Aggregate variables to items and/or scales in long format data.frames.
aggregateDataOldL.Rd
This is the old version of the aggregateData
function from the eatPrep
package. In contrast to aggregateDataOld
, aggregateDataOldL
accepts and returns
long format data, i.e. one line per variable/person ID combination. The function is currently deprecated
and was only kept in the package to keep older scripts executable. The function might be beneficial if
aggregation information from the IQB database is not available.
Usage
aggregateDataOldL(
datLong,
idCol,
varCol,
valueCol,
varExclude = NULL,
itemColName = "item",
unexpected.pattern.as.na = TRUE,
printCases = FALSE,
printPattern = FALSE,
inputList = NULL
)
Arguments
- datLong
A data frame in the long format with at least three columns: person identifier, varable identifier and response.
- idCol
Name or number of the person identifier column in the long format data
- varCol
Name or number of the variable identifier column in the long format data
- valueCol
Name or number of the variable response column in the long format data
- varExclude
Optional: Numeric vector of variables which are to be excluded from aggregation in any case
- itemColName
Name of the item identifier column in the newly created aggregated data.frame. Name must not occur in the current data.frame.

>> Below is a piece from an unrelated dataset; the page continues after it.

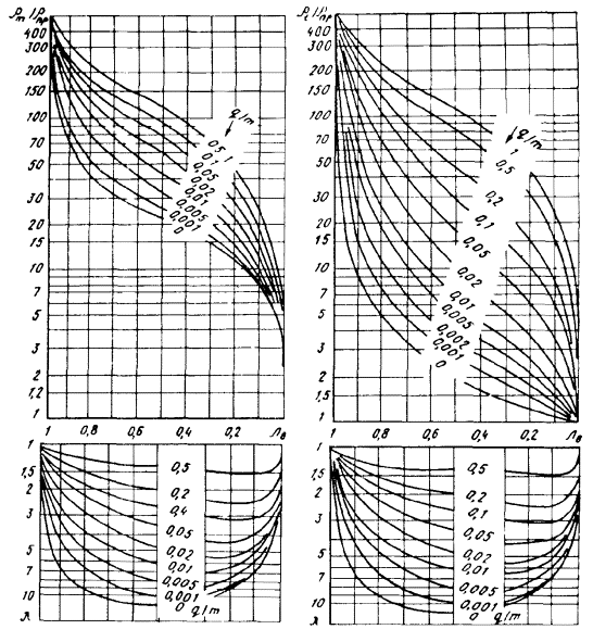 По указанным формулам на основе данных рис. 1 были рассчитаны номограммы рис. 2-5 слоисто-сетчатых криотекстур. Номограммы построены для различных μ = ρл/ρпр При этом ρпр определялось из номограммы 1 для соответствующего типа грунта, а ρл всегда принималась равным ≈ 105 Ом∙м, которое характерно для пресных льдов. Параметр номограмм q/m определяет степень слоистости: q/m = 1 - равномерно-сетчатая; q/m = 0 - слоистая.
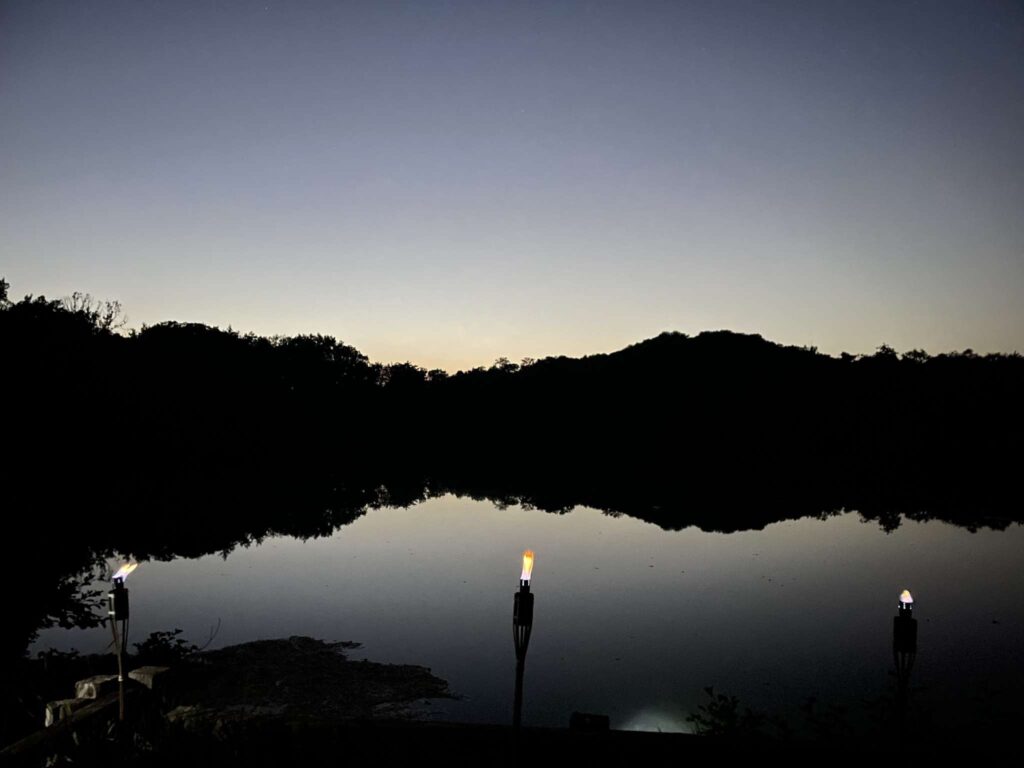 Mit verbundenen Augen wurden sie zu einem See mit herrlichem Blick geführt, um mit Gitarre und Fackeln ihr Versprechen abzulegen.

- unexpected.pattern.as.na
Logical: TRUE, if non-valid patterns should be aggregated to NA.
- printCases
Logical: Specifies whether exhaustive aggregation information should be printed on console.
- printPattern
Logical: Print the unexpected patterns to console?
- inputList
Optional: Input list to differentiate between variables (sub items) and items. If
NULL
, all variables in the data frame which share the same ID except for the last sign are considered to belong to the same item.
Value
A data.frame in the long format containing sum and aggregated values, and maintaining all additional
columns from the original data.frame if its values do not vary between variables which belong to the same item.
The sum variable is named "valueSum"
, the aggregated variable is names "valueAgg"
. The number
of aggregated variables (i.e. the maximum possible sum score per item) is captured in the variable
"valueMax"
.
Details
The function use a rather simple aggregation rule: all variables which share a common “stem”
are considered to belong together. The “stem” is everything except the last sign. By convention,
the last sign may be a letter in ascending order, for example "I1a", "I1b", "I1c"
. However,
"I12", "I1_", "I1j"
is also possible although less convenient. The item "I1"
consists
of three variables and is considered to be correct if all variables are correct. See examples for
further details. Note: if inputList
is specified, aggregation rules are executed as specified
in the ZKD input list.
Examples
### create artificial data
dat <- data.frame ( id = paste0("P", 11:50),
matrix(data = sample(x=0:1, size = 400, replace = TRUE),nrow=40, ncol = 10))
### aggregate Item 0+1+2 and 4+5 and 8+9: define sequential letter
colnames(dat)[-1] <- c("I1a", "I1b", "I1c", "I2a", "I3a", "I3b", "I4a", "I5a", "I6a", "I6b")
### reshape data to the long format
datL<- reshape2::melt(dat, id.vars = "id")
agg <- aggregateDataOldL(datL,idCol="id", varCol="variable", valueCol="value")
#> Overall: 10 variables, 6 items. Aggregate 7 variables to 3 items.